Exactly the lines from the one containing "with cooked wontons and blanched vegetables." through the one containing "Unfortunately, HD Tune" in the listing below are to be copied, with the pictures left out.

Records provided>

§ §

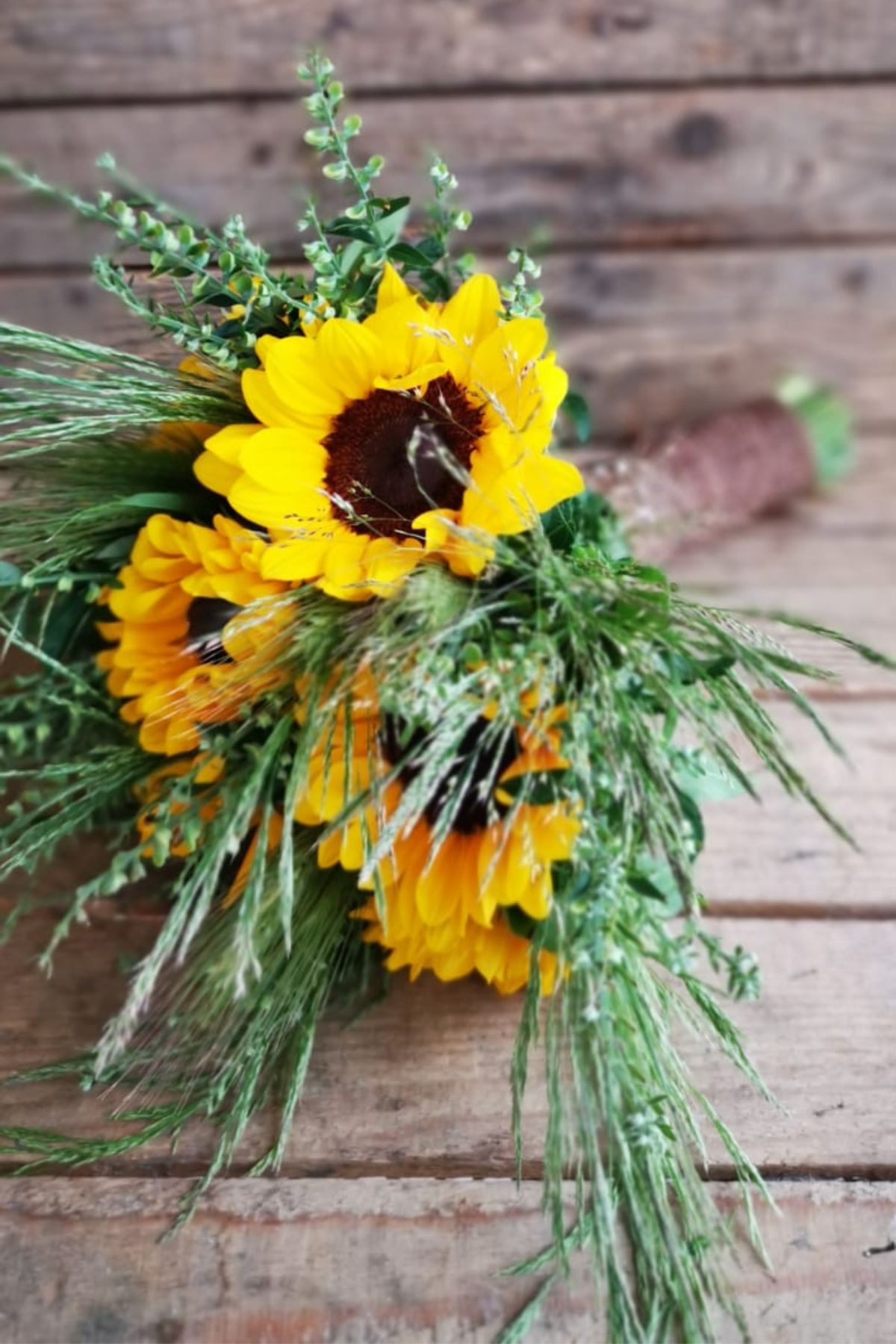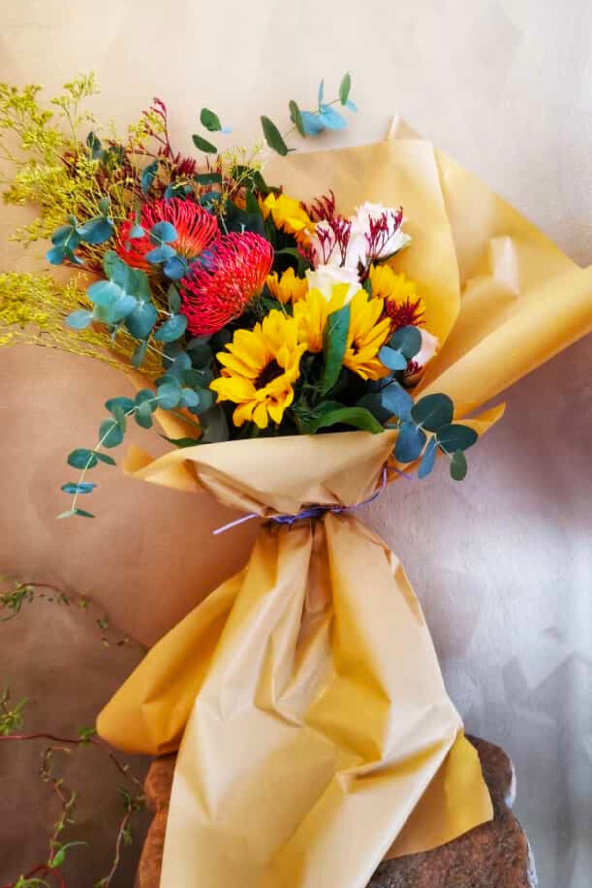 Vedri buket sa suncokretima, proteom, kalama i ljiljanom u zelenilu eukaliptusa. Topao i elegantan poklon za svaku prigodu.
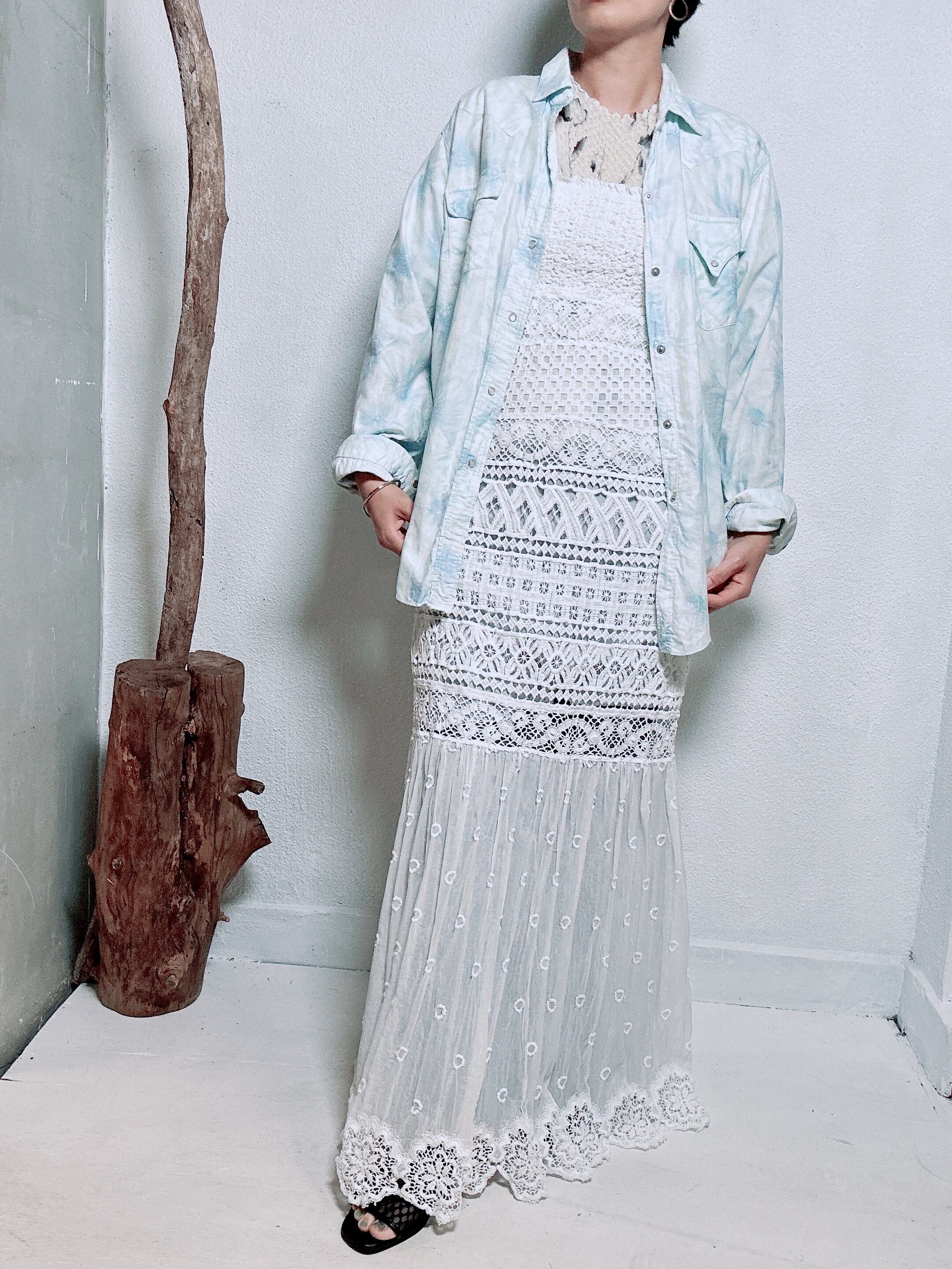繊細なかぎ編みと上品な柔らかいレースコットン生地が特徴的。
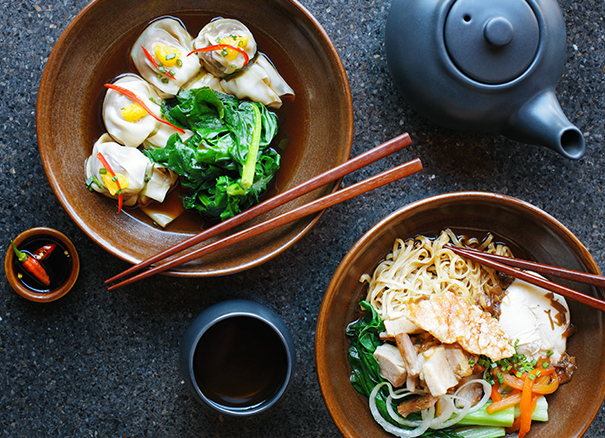 with cooked wontons and blanched vegetables.
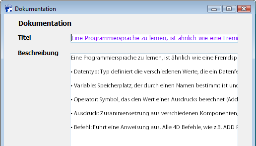 4D führt keine automatischen Zeilenumbrüche aus, das als letztes anzeigbare Wort kann abgeschnitten sein. In Bereichen vom Typ Text werden Zeilenumbrüche unterstützt:
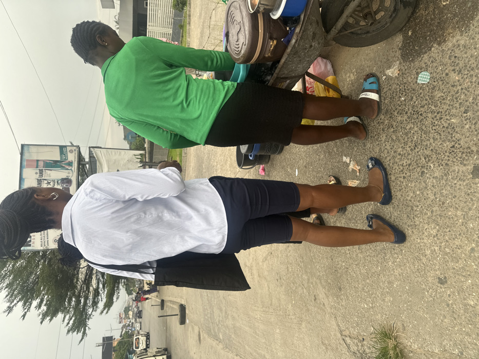 Two women stand beside a cart filled with cooking supplies. One woman, in a green shirt and black skirt, faces the cart. The other woman, in a white shirt and navy shorts, faces away from the cart and towards a busy street. She carries a black bag. The cart appears to have pots and buckets. They both wear sandals or flats. The background shows a street scene with a billboard, trees, and passing cars.
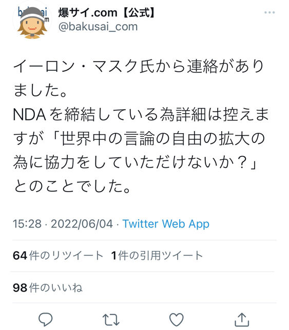 【速報】爆サイ、イーロンマスクから接触!!
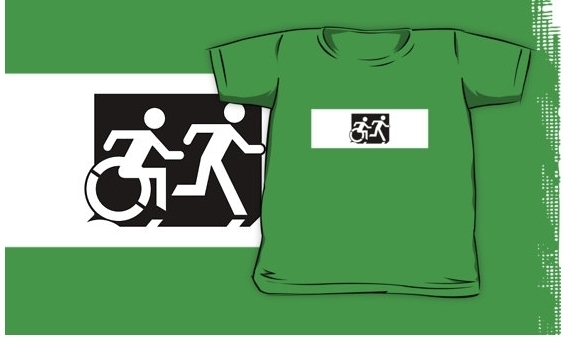 Accessible Exit Sign Project Wheelchair Wheelie Running Man Symbol Means of Egress Icon Disability Emergency Evacuation Fire Safety Kids T-shirt 274
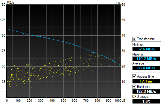 Unfortunately, HD Tune does not generate any fancy independent graph outputs in particular, so I had to edit my screenshot out a bit to make it look better for publishing in a review. Again, like our HD Tach results on the previous page, the line reflects that of a standard hard drive as before, just like how it is supposed to be. It differs slightly in magnitude than the other program -- probably due to testing algorithms used -- but its performance characteristics are identical in practice. The average works out to 86.4MB/s; with a peak of 110.2MB/s and minimum of 52.6MB/s. These figures are, once again, almost identical to the ADATA DashDrive HV620 1TB. The Silicon Power Diamond D06 1TB's tested latency is also consistent with what we have seen in AIDA64 and HD Tach.
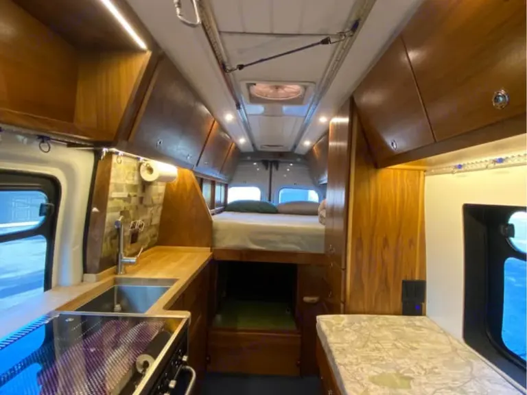 Our beautifuly built Campervan comes with everything you need for as long as a trip as you want!This vehicle was designed for complete long term off grid living.Tons of features!Kitchen: 3 burner/oven stove, large deep sink, lots of storage, dual zone refrigerator (optionally a freezer section)Electrical: 560amp of LiFePO4, 2000watt pure sine inverter, 400w solar, external power hookup, Alternator smart charging, water heater, USB, 110v outlets all over, ceiling dimmable lighting, mood lighting, dual exhaust fans,Water System: Internal and external water tanks (10g and 45g), gray water tank (25g), water heater, filtration system, outdoor showerExtras: Couch that converts into second bed, shower, cassette toilet, fantastic diesel cabin heater, dog bed or quick access storage area, huge garage, awning.
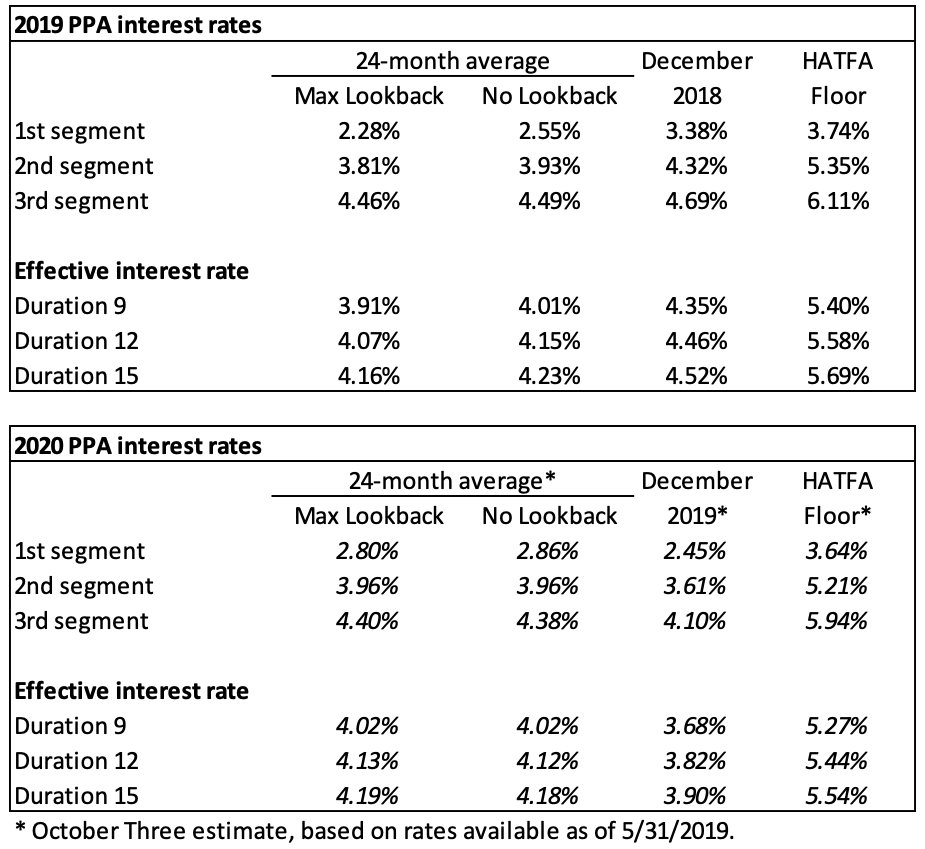 The table below summarizes rates that plan sponsors are required to use for IRS funding purposes for 2019, along with estimates for 2020. Pre-relief, both 24-month averages and December ‘spot’ rates, which are still required for some calculations, such as PBGC premiums, are also included.
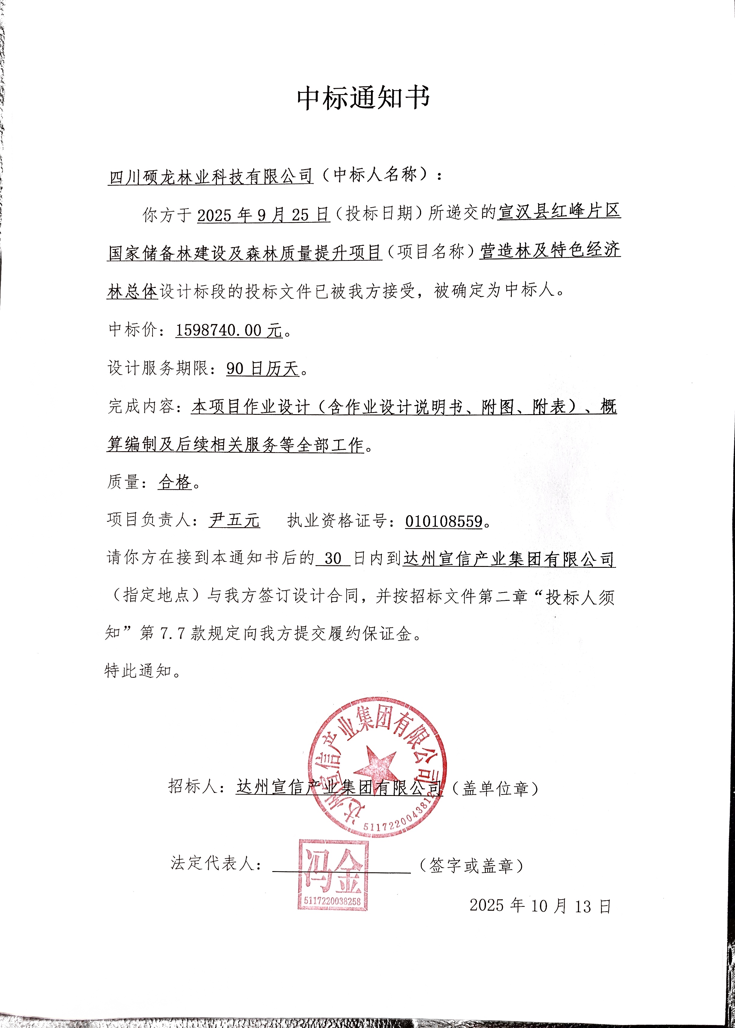 宣汉县红峰片区国家储备林建设及森林质量提升项目营造林及特色经济林总体设计/设计中标结果公告

§ §

Problem solution>
 with cooked wontons and blanched vegetables.
 4D führt keine automatischen Zeilenumbrüche aus, das als letztes anzeigbare Wort kann abgeschnitten sein. In Bereichen vom Typ Text werden Zeilenumbrüche unterstützt:
 Two women stand beside a cart filled with cooking supplies. One woman, in a green shirt and black skirt, faces the cart. The other woman, in a white shirt and navy shorts, faces away from the cart and towards a busy street. She carries a black bag. The cart appears to have pots and buckets. They both wear sandals or flats. The background shows a street scene with a billboard, trees, and passing cars.
 【速報】爆サイ、イーロンマスクから接触!!
 Accessible Exit Sign Project Wheelchair Wheelie Running Man Symbol Means of Egress Icon Disability Emergency Evacuation Fire Safety Kids T-shirt 274
 Unfortunately, HD Tune does not generate any fancy independent graph outputs in particular, so I had to edit my screenshot out a bit to make it look better for publishing in a review. Again, like our HD Tach results on the previous page, the line reflects that of a standard hard drive as before, just like how it is supposed to be. It differs slightly in magnitude than the other program -- probably due to testing algorithms used -- but its performance characteristics are identical in practice. The average works out to 86.4MB/s; with a peak of 110.2MB/s and minimum of 52.6MB/s. These figures are, once again, almost identical to the ADATA DashDrive HV620 1TB. The Silicon Power Diamond D06 1TB's tested latency is also consistent with what we have seen in AIDA64 and HD Tach.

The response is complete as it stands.